MOUSE MODELS OF IMMUNODEFICIENCY

Despite the extensive employment of immunodeficient mouse models, their immune status is seldomly assessed by the research community, with possible unexpected and misleading results from the experiments. Furthermore, no standardized system for such assessment currently exists. This calls for the urge to have standardized and effective protocols to be applied periodically for the assessment and confirmation of the immune status in immunodeficient mouse models. On the other hand, new and more sophisticated immunodeficient mouse models are constantly being developed, necessitating continuing validation. The primary issue with immunodeficient people is their propensity for opportunistic infections, which is also present in the murine counterpart. This necessitates a complete assessment of the inflammatory responses of the mouse models to the same infections that afflict humans.
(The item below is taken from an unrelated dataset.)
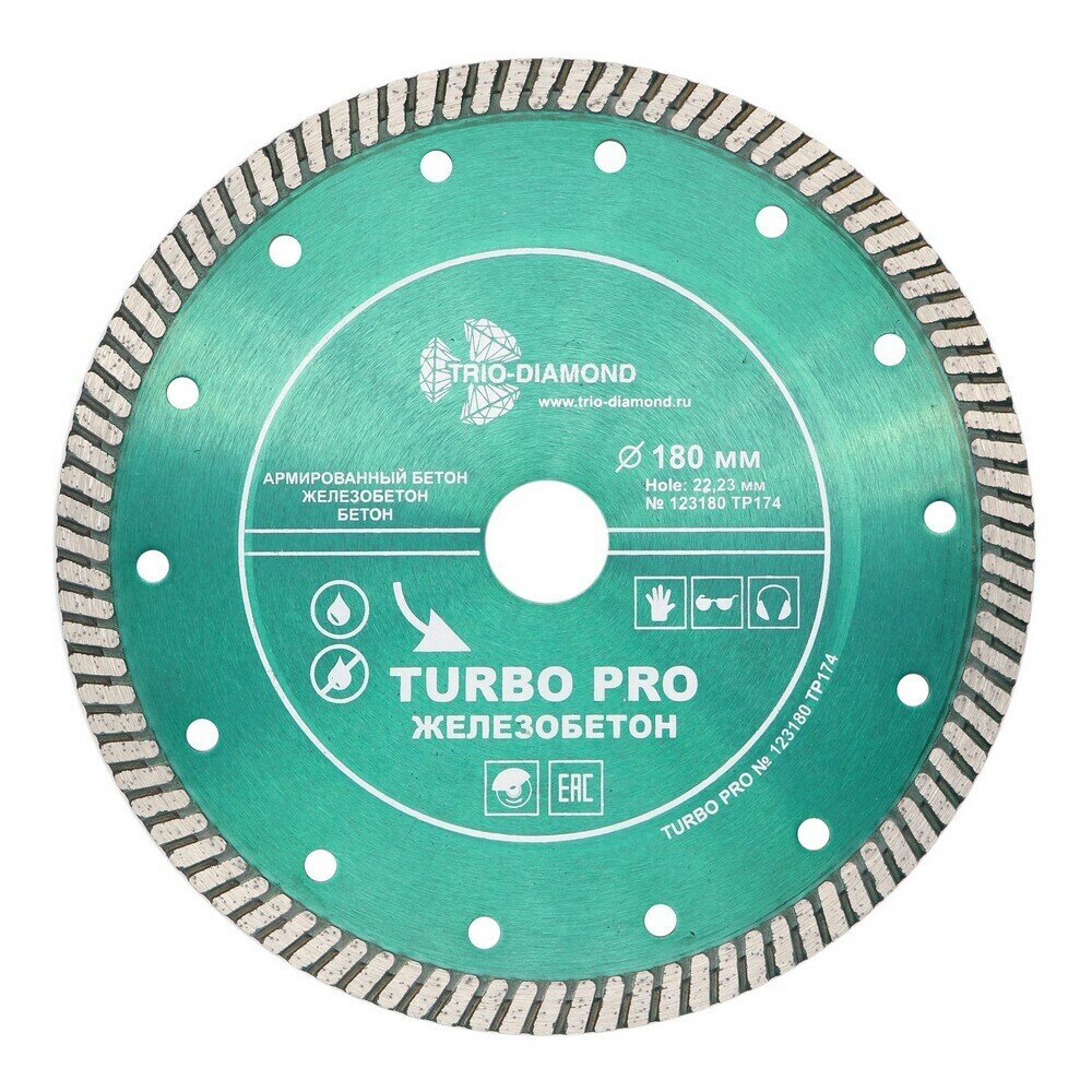Купить Диск алмазный по армированному бетону Trio-Diamond Turbo Pro Железобетон 180х22,23х2,65 мм турбо для штробления сухой рез (TP174) с доставкой по всей России. Диск алмазный по армированному бетону Trio-Diamond Turbo Pro Железобетон 180х22,23х2,65 мм турбо для штробления сухой рез (TP174): сравнение цен, характеристики, фото, актуальное наличие и цены.

In paper I, we developed and applied a standardized and reproducible multi-approach protocol that proved to be useful for the morpho-phenotypical assessment of immunodeficiency in 4 different immunodeficient mouse strains. The study also provided a comparison of the strengths and weaknesses of different laboratory methods for the identification and grading of immunodeficiency in the models. Our next step will be to extend the application of the protocol to other known murine immunodeficient models, as well as to immunodeficient mouse models of new development and those with possible unintended immune alterations. In paper II, we performed histology and immunohistochemistry/immunofluorescence on lung samples of mouse models of hyper-IgM syndrome infected with a clinically relevant opportunistic pathogen to confirm the efficacy of T-cell and hematopoietic stem cell gene editing for treating hyper-IgM syndrome. Our analysis contributed to the confirmation of the protective role of primed T-cells transfer and hematopoietic stem/progenitor cells in the infected mice, considered as surrogates of functional gene edited cells. In paper III, we performed a histological and immunohistochemical characterization of the pulmonary inflammatory response to an opportunistic pathogen of a mouse model of hyper-IgM syndrome. Our study identified certain odd pathways in the model's pulmonary inflammatory presentation that might be helpful in extrapolating to the human disease and offering fresh insights into the pathogenetic mechanisms of infection.